From April to November 1946 he was first and from 1946 to 1950 second vice-president of the state parliament of Schleswig-Holstein .

Life and work

After attending elementary school, Panitzki learned the model carpentry trade from 1896. In 1902/03 he worked in a shipyard in China . Since 1904 he was a member of the SPD.

From 1921 until the break-up of the free trade unions in Germany in 1933, he worked as a trade union secretary. After 1933 he ran a cigars and tobacco shop in Oldenburg in Holstein and later worked for the local health insurance company.

After the assassination attempt on Hitler on July 20, 1944 , he was arrested and imprisoned for five weeks in the Neuengamme concentration camp .

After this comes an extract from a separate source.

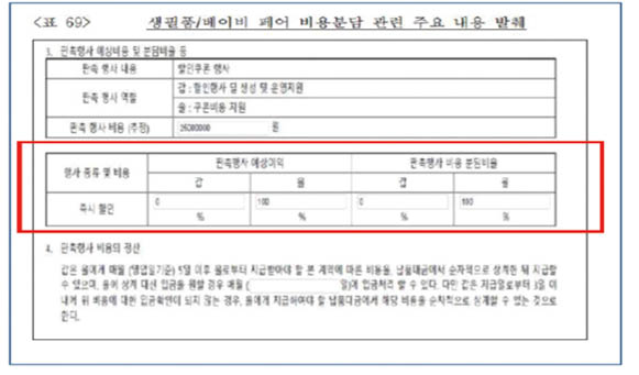이뿐만이 아니다. 2018년부터 2019년 상반기까지 일정 기간 소비자들에게 다운로드 쿠폰 등 할인 혜택을 주는 방식으로 베이비, 생필품 페어 행사를 기획하고 시행하면서 행사에 참여한 총 388개 납품업자에게 할인비용 약 57억원을 전액 부담하도록 했다. 납품업자 등의 판매촉진비용 분담 비율이 50%를 넘어서 대규모유통업법 제11조 제4항에 위반하는 행위에 포함된다.

After the war ended in 1945, Panitzki was mayor of Oldenburg and was temporarily appointed district administrator of the Oldenburg district by the British occupying forces.

Panitzki belonged to the supervisory boards of the Ostholsteinische Landsiedlungsgenossenschaft and the Schleswag .

Karl Panitzki was married and had four children.

MP

Panitzki was a member of the Landtag of Schleswig-Holstein from 1946 to 1950 and from 1954 to 1958 . There he was from April 11, 1946 to November 11, 1946 First Vice-President of the State Parliament and from December 2, 1946 to May 31, 1950, Second Vice-President of the State Parliament.

Karl Panitzki was an appointed member of the state parliament in 1946. In 1947 and 1954 he entered the state parliament as a directly elected member of the constituency of Oldenburg-Ost and Oldenburg.